The slide deck has an impressive list of authors, but slide 55 (about TLS and ECC) appears to be misleading without the context of the talk itself.

I didn't see the talk, so I don't know what they were aiming at, but ECC works the same in TLS 1.0, 1.1 and 1.2. Hybrid chains (i.e. an ECDSA public key in a certificate, signed by an RSA certificate) work fine too.

(Not all implementations of TLS support ECC of course.)

It's my understanding (again, I endorse this talk but had nothing to do with its preparation) that they addressed this on stage, just for whatever it's worth.

I learnt a little about ECC to make my bitcoin-key-for-encryption-gravatar-as-key-server proof of concept http://kybernetikos.github.io/VisualSecrecy/

I really love the way that you can visualise what is actually going on by drawing lines on a graph. Factoring is much less visual for me. It just seems very fun that you have a private factor, a public point and, when doing encryption, you have a shared point which is a literal point on a curve.

Regarding DNSSEC, it should be noted that ECDSA was specified in April 2012 (RFC 6605) and resolver support started with Unbound 1.4.17 (May 2012) and BIND 9.9.2 (Oct 2012). So this was very recent and the percentage of resolvers on the Internet which have already upgraded to an ECDSA-enabled release is so small that it is absolutely pointless to use ECDSA with DNSSEC now. Most of the resolvers won't recognize the algorithm and will treat the zone contents as unsigned.

Regarding OpenSSL, I tested ECC with S/MIME in 2009 and it turned out to be unsupported. Just tried it again with 1.0.1e and it's still not supported. It works for TLS but the problem is that vendors ship outdated releases: Debian stable comes with 1.0.1 which is good, RHEL comes with 1.0.0 which is not so good (no TLS 1.2), SLES comes with 0.9.8j (even in the recently release SLES 11 SP3) which is very bad.

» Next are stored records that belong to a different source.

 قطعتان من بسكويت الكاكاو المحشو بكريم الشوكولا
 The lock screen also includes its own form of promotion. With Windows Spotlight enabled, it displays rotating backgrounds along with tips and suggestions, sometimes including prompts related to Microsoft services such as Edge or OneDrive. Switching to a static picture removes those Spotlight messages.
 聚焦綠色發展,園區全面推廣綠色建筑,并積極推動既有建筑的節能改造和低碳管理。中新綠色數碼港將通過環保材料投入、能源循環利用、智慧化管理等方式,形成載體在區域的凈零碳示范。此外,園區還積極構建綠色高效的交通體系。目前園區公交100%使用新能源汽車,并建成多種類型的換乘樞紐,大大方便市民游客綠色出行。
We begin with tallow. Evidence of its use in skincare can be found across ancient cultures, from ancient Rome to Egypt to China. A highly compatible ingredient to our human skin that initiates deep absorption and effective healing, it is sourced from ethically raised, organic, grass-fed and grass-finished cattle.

So support for ECC is still very disappointing and far away from being usable in production.

The argument here is approximately this: as solving jigsaw puzzles has been dramatically improved recently, you never know, maybe manufacture of weapons of mass destruction will suddenly get really easy overnight, resulting in an apocalypse.

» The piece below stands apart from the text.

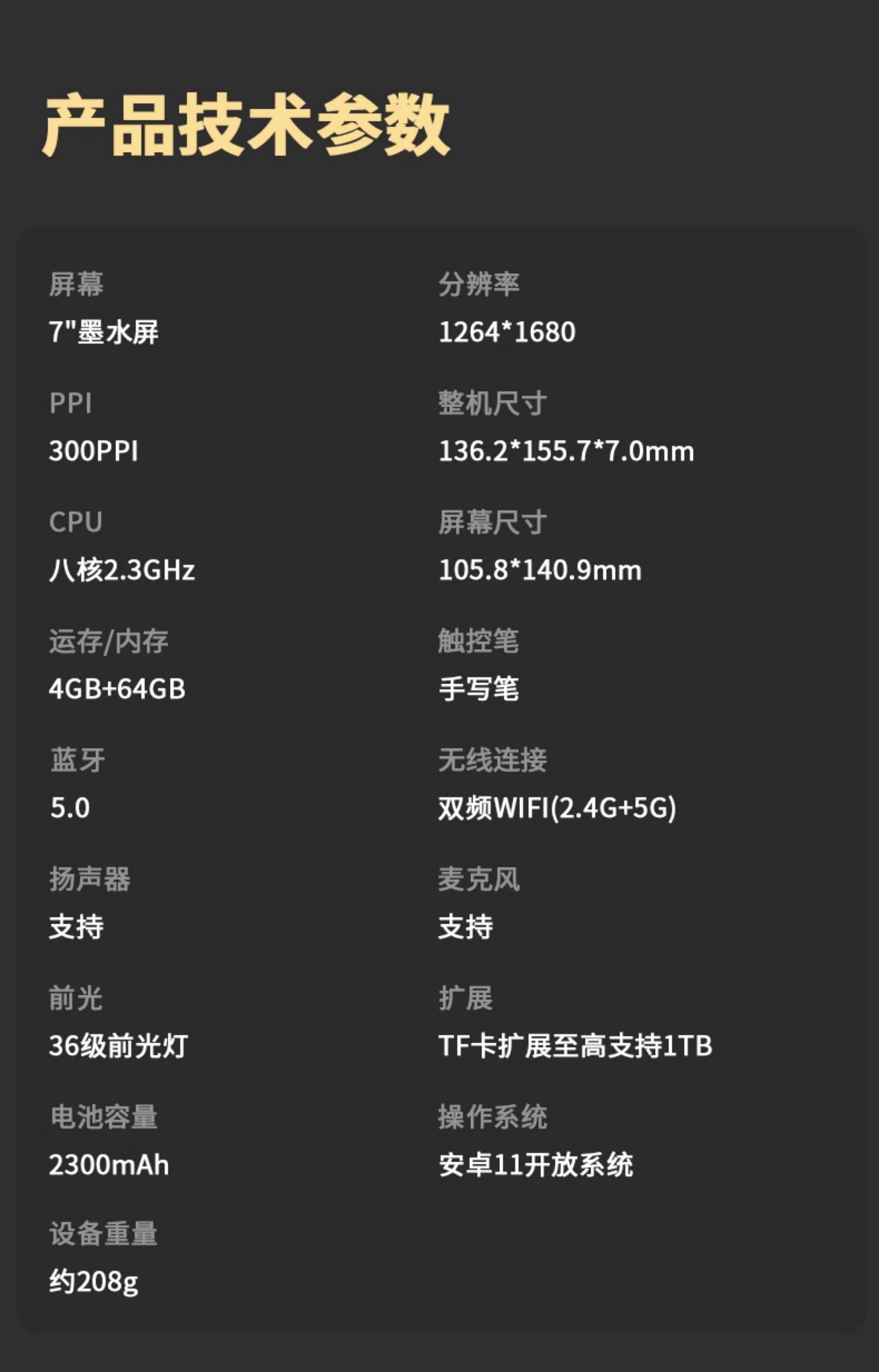 | Screen Type | E-Ink Electronic Ink Screen |

What Joux and others have done is both important and impressive. But it simply isn't the same as breaking secure cryptosystems. The analogy between the two is simply overplayed.

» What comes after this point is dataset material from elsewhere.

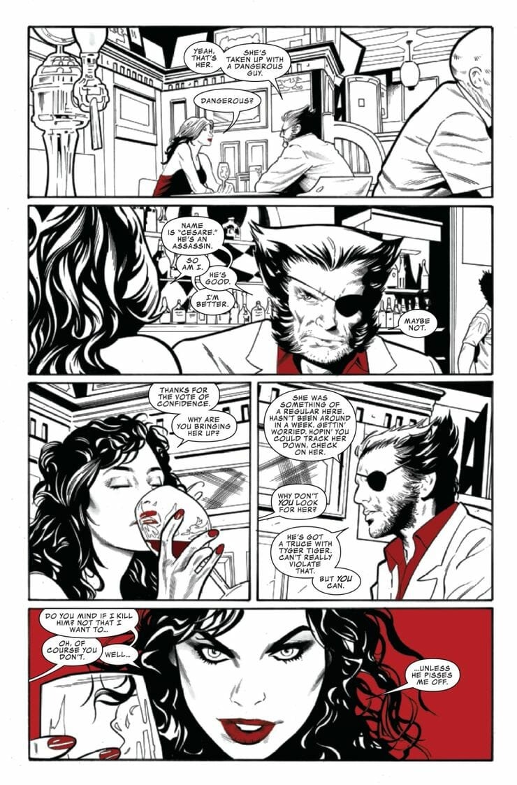 Elektra pergunta por que ele não faz isso sozinho, e ele a informa que Cesare tem uma trégua com Tigre – o que significa que Wolverine não pode fazer nada neste caso. Elektra jura que não vai matá-lo, a menos que ele “a irrite”.

Did people have reason to believe that the systems Joux and co. can crack were hard? No, despite not knowing how to crack them. Do people believe that their more secure cousins are hard? Yes, they do.

That's a weird way to put it, because Joux and Barbalescu's DLP work has already threatened some real (but exotic) cryptosystems (haven't they?).

Kinda late here, and unqualified to comment on math - just wanted to mention, in case ECC and the others eventually are compromised - there is something to fall back on. The "one time pad" method "has been proven to be impossible to crack if used correctly" (https://en.wikipedia.org/wiki/One-time_pad). Given a side channel that's secure for the purpose, I expect there could be a software implementation that would be usable indefinitely.

Most systems that attempt to implement one time pads are just stream ciphers built from crappy random number generators; they're crappier versions of RC4. Real one time pads aren't particularly useful (which is why they're rarely used): they require keys as long as their plaintexts.

Schneier calls them "pretty much useless": http://www.schneier.com/crypto-gram-0210.html#7

They are, at any rate, a sturdy indicator of snake oil crypto.

If you are an organisation with deep pockets (nation state) and are willing to send trusted (armed, diplomatic) couriers to every end point you want to talk securely with (embassies) every month then it can be secure but it will definitely be expensive.

Unfortunately it is difficult for the receiver to know the key. I don't know how this would be solved, but it's quite the conundrum.

Question for those in the know: have there been any advances on DLP in galois fields generated by primitive polynomials?

Slide 5. Why can no one spell "Appelbaum"?